On 16 October 1958, the first Atlas ICBM launcher (576A-1) constructed at Vandenberg AFB, California, was accepted from the contractor by the 1st Missile Division. The first intercontinental ballistic missile, the SM-65D Atlas ICBM, was delivered and was accepted by SAC's 576th Strategic Missile Squadron on 18 February 1959. The first Atlas-D flew on 9 September 1959, and following the successful launch, General Thomas S. Power, CINCSAC, declared the Atlas ICBM to be operational. The following month, equipped with a nuclear warhead, the Atlas at Vandenberg became the first ICBM to be placed on alert in the United States. It was an SM-69D Atlas ICBM (AFSN 58-2190) on launcher 576A-1. In April 1960, the first attempted launch of a Series D Atlas ICBM from a coffin-type launcher (576B-2) was successful. This launcher was the prototype of the ones to be used at the first operational Atlas squadron, the 564th Strategic Missile Squadron, Francis E. Warren Air Force Base, Wyoming. Following this successful launch, Major General David Wade, Commander of the 1st Missile Division, declared the coffin-type launcher to be operational.

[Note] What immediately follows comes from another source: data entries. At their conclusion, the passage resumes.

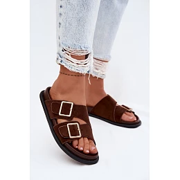 Dámské pantofle z imitace semiše s zlatými přezkami čokoládové Selissea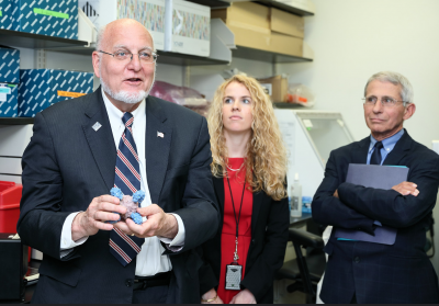 Photo en vedette : Le directeur du CDC, le Dr Robert Redfield, a visité le NIH le 12 juin 2018. Sur cette image, le Dr Redfield visite le Centre de recherche sur les vaccins et s'informe sur le développement d'un vaccin anti-grippe universel. Le Dr Anthony Fauci (à droite), directeur du NIAID, a accompagné la visite. Crédit : National Institutes of Health. Source : flickr.com
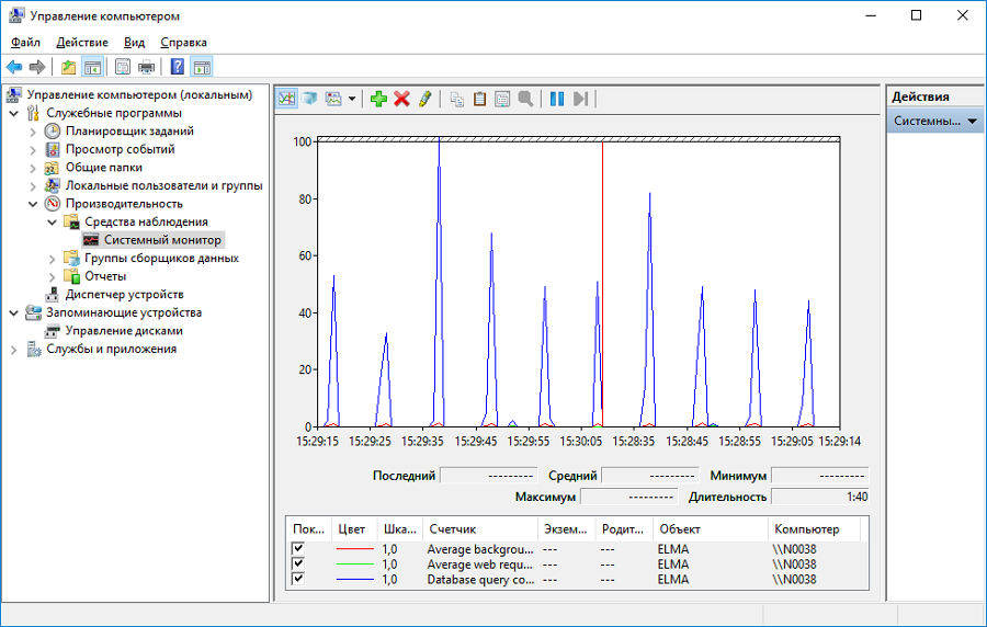 При недостаточной производительности может потребоваться проанализировать ситуацию и отследить использование ресурсов приложениями или системными процессами, чтобы затем увеличить мощность системы в соответствии с возрастающими запросами. Одним из самых мощных инструментов для обнаружения проблем с производительностью в Windows являются встроенные счетчики производительности. Система ELMA автоматически создает три счетчика при активации пункта Использовать счетчики производительности: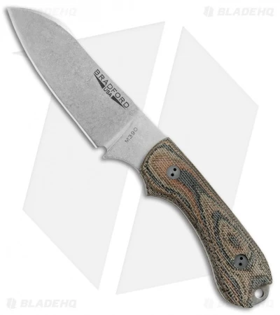 The Guardian3 is a relatively compact fixed blade that is designed to handle the work load that might typically fall upon a heavy duty everyday folder. Bradford Knives uses Bohler M390 steel with a double temper and cryo treatment for exceptional blade characteristics. 3D micarta scales offer a comfortable grip without being abrasive. Each knife includes a premium leather sheath with belt loop and plastic blade insert.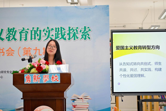 毓秀小学专职副书记陈颖谊以《践行理解性教学,深化爱国主义教育》为题分享读书感悟,结合《让学生创造着长大》阐释理解性教学核心理念。她聚焦“大观念引领锚定内核、真实情境驱动深化体验、实践迁移赋能践行担当”三大关键,学校通过红色诗词诵读、英雄故事分享等活动,推动教学从知识传递转向素养培育。
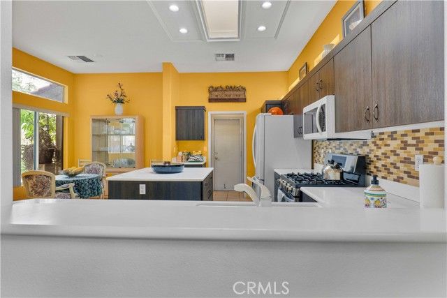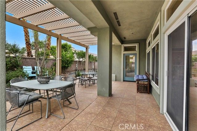 Beautifully maintained 2-bedroom, 2-bath Fostoria model located in Sun City Palm Desert, a premier 55+ community, offering an inviting blend of comfort and functionality. This residence features a private gated courtyard and an open floor plan with approximately 10-foot ceilings, transom windows, designer paint, and tile flooring throughout the main living areas, creating a light and spacious environment. The great room is filled with natural light and flows into a versatile den, with direct access to the rear yard, providing a seamless indoor-outdoor living experience. The kitchen includes a skylight, pantry, oversized island, and abundant cabinetry, offering ample space for meal preparation and storage. The primary suite features double door entry, dual vanities, a soaking tub, separate shower, a glass block window for natural light, and a walk-in closet with built-in organizers. The guest bedroom and bathroom are thoughtfully positioned on the opposite side of the home for added privacy. Additional features include an indoor laundry area and a two-car garage with storage cabinets. The rear yard offers a covered patio and landscaped areas suitable for outdoor enjoyment. Community amenities may include golf courses, clubhouses, pools, spas, dining, and recreational facilities; buyer to verify all features, amenities, and HOA information to their satisfaction.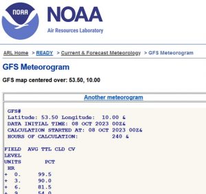 Ready: Meteogramme aus Reading. Die Daten des GFS-Modells werden u.a. als Meteogramme in Kurvenform ausgegeben. Die Bedienung erfordert einige Einarbeitung, die Aussagen sind aber recht relevant. Man muss geographische Breite und Länge im Eingangsmenü eingeben (also z.B. longitude 10.00 und latitude 53.50 für Hamburg). Als Modell für ein Meteogramm wählt man normalerweise „GFS-Model 0-84h“ aus. Im nachfolgenden Menü kann man Felder auswählen, also z.B. „Total Cloud Cover (SFC)“ aus. Beachten Sie: Dieses Modell wirft die Gesamtbewölkung aus – sehr sinnvoll für uns Astronomen. Nicht vergessen: „Choose from below“ anklicken. Ganz unten auf der Seite wird ein Passwort angezeigt, welches man eintippen muss. Dann erst wird der Kurvenverlauf angezeigt. Ähnlich kann man sich auch den Verlauf der Temperatur, Niederschlag, Wind usw. ausgeben lassen. Statt eines Meteogramms kann man auch Karten anzeigen lassen. Diese Seite funktioniert für weltweite Beobachtungsorte. Es wird alle 6 Stunden aktualisiert.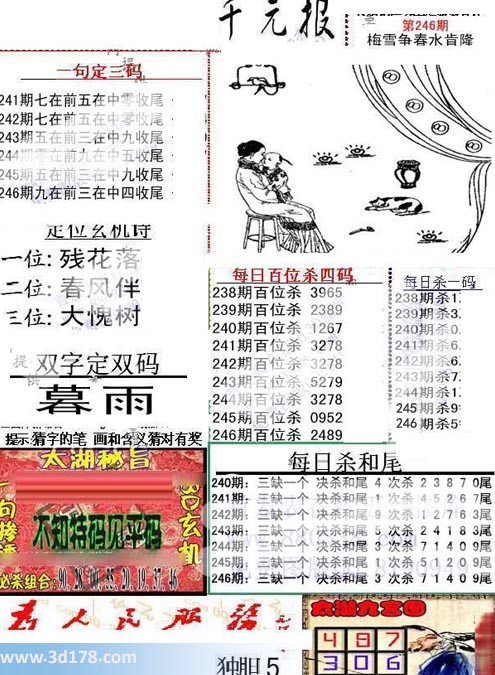 福彩3d布衣图库布衣千元报第2017246期定位玄机诗:

In July 1959, construction began on the first Series E Atlas ICBM coffin-type launcher (Atlas operational system test facility #1). On 28 February 1962, the first successful launch of the SM-65E Atlas took place. Construction began on the first SM-65F Atlas ICBM "silo-lift" launcher (Atlas operational system test facility #2) in November 1962. The first Atlas F arrived in June 1961 and the first operationally configured Series F Atlas was successfully launched on 1 August 1962.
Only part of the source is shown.